Writing Phrase I Hate


There’s a phrase I keep seeing over and over again, and it’s one I really hate because of the implied put down.

Worse, I don’t think writers realize it is a put down.

The phrase is…

“Aspiring author.”

It means longs for, desires to be, aims for.

Yet, if you write, you’re already a writer.  So this is somehow managing to say that even if you write you’re not really a writer.  I just saw it on an article about a writer who wrote two books and was called aspiring.

Just walking away and trying not to cringe.  As Bob Meyer said to me, there are so many people ready to put you down.  There’s no need to do it to yourself.

3 thoughts on “Writing Phrase I Hate

  1. Harvey Stanbrough

    Hmmm.
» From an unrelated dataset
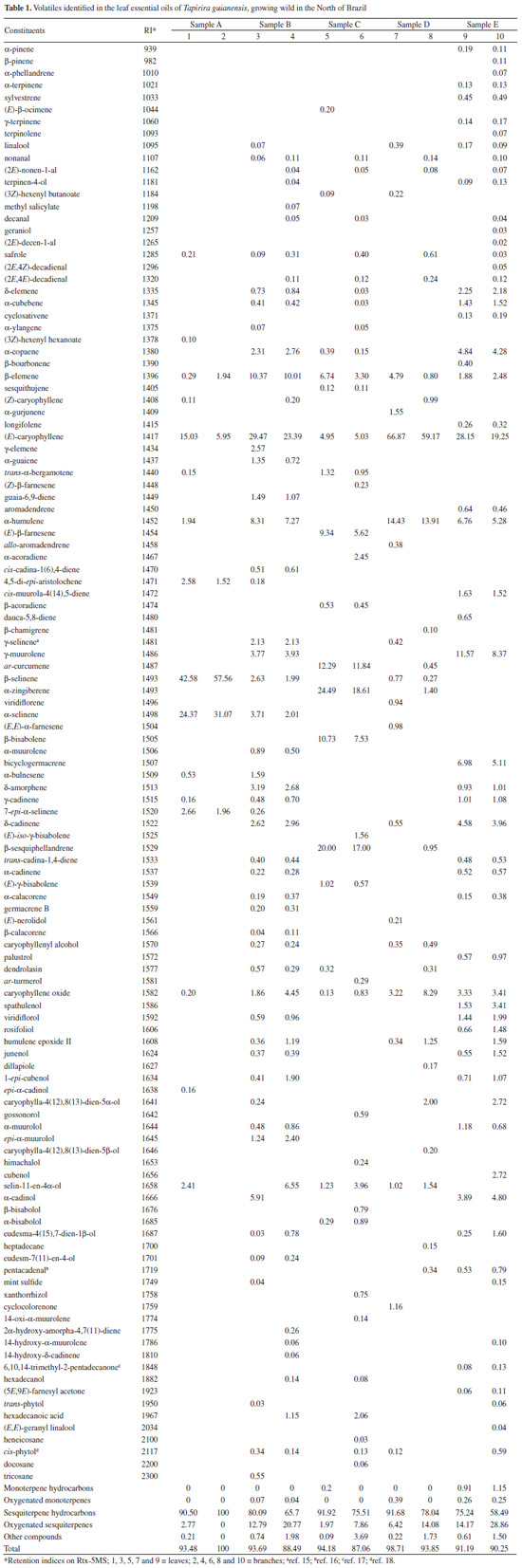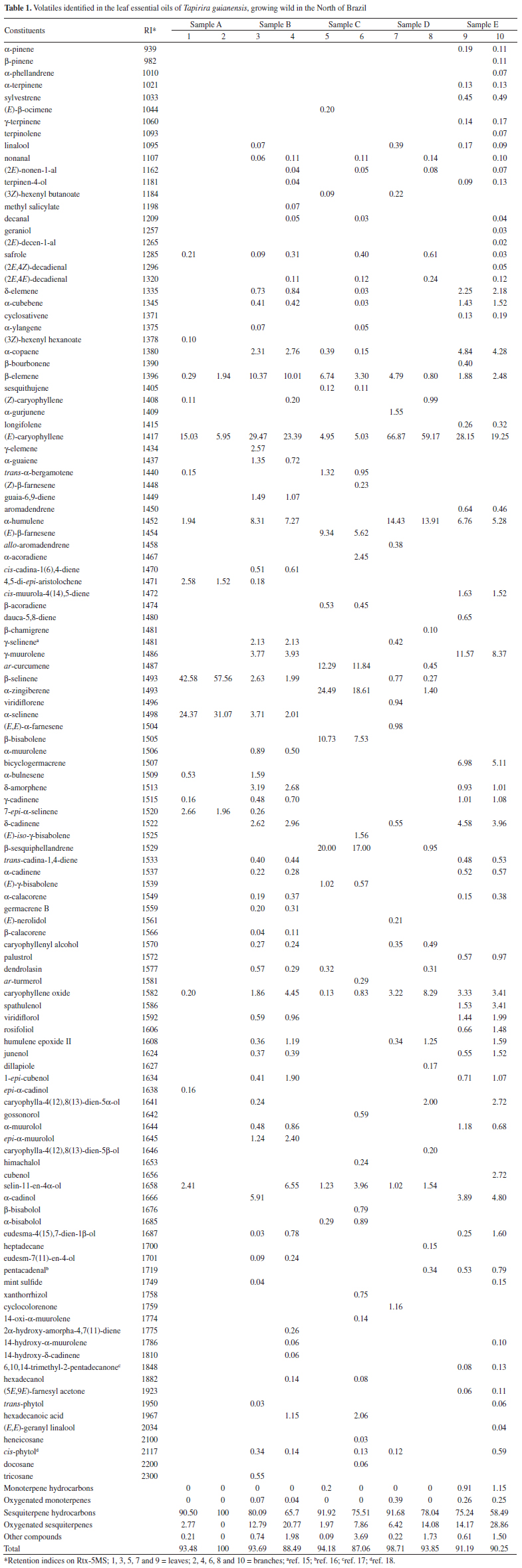 EXPERIMENTAL Botanical material Sample A (September, 2007) was taken from the sandbank forest of Marieta beach, which is located near to Vila da Penha Community (00º35'50" S/47º26'35.5" W), which is located in the municipality of Maracanã and is under the domain of the Extractive Reserve of Maracanã (Resex Maracanã). Samples B, C, and D (August, 2009) were taken in the sandbank forest of Algodoal Island (Maracanã), in the municipality of Maracanã, which is under the domain of the Environmental Protection Area Algodoal/Maiandeua (00º35'19.8" S/47º34'27.7" W). Sample E (October, 2009) was taken in the area closer to the shore of Vila da Penha Community. Voucher specimens (Sample A: MG 189,996; Sample B: 196,815; Sample C: 196,819; Sample D: 196,826; Sample E was identified by comparison with the other cited voucher of T. guianensis. Vouchers were deposited in the Herbarium MG of the Museu Paraense Emílio Goeldi (MPEG). The samples were dried for 7 days in an air-conditioned room (at low humidity) and then ground. Extraction of volatile compounds The dry plant material was hydrodistilled for 3 h, using a Clevenger-type apparatus with maintenance of the refrigeration water in 15 ºC. The oils obtained were centrifuged for 5 min (3,000 rpm), dried over Na2SO4, and centrifuged again in the same conditions. The hexane solution (1 mL) containing 2 µL of the oil was submitted for GC-MS analysis. The total oil yield was expressed in percentage (volume∙mass-1) on the basis of dried material. The amount of water was measured using infrared light on a Marte ID-50 device. Analysis of volatile compounds The oils were analyzed using a Shimadzu GC/MS Model QP 2010 Plus, equipped with a Rtx-5MS (30 m × 0.25 mm; 0.25 µm film thickness) fused silica capillary column. Chromatographic conditions included helium as carrier gas at 1.2 mL∙min-1; splitless injection of 1 µL, of the hexane solution; injector and interface temperature at 250 ºC; oven temperature program 60-240 ºC at 3 ºC∙min-1. EIMS: electron energy, 70 eV; ion source temperature at 200 ºC. Identification of the compounds were made by comparison of their GC mass and retention data with those in NIST-05 library, and cited in the literature.14-18 Retention indices were calculated using n-alkane standard solutions (C8-C26) available from Fluka S. A., in the same chromatographic conditions.

I take your point, and it reminds me of a definition: A writer is one who writes; an author is one who has written. Perhaps an “aspiring writer” is one who talks about writing and thinks about writing but never gets around to putting words on the page.

    The upshot of the definition is that the writer continues to write, whereas the author, having written, stops writing and focuses on marketing what s/he’s already written. Often for years.

    I can’t say I ever aspired to be a writer, and I definitely never aspired to be an author. But I have aspired to be a “professional” writer. By my definition (for me) that’s a writer who continues to learn and apply the craft and who makes the leap to publication.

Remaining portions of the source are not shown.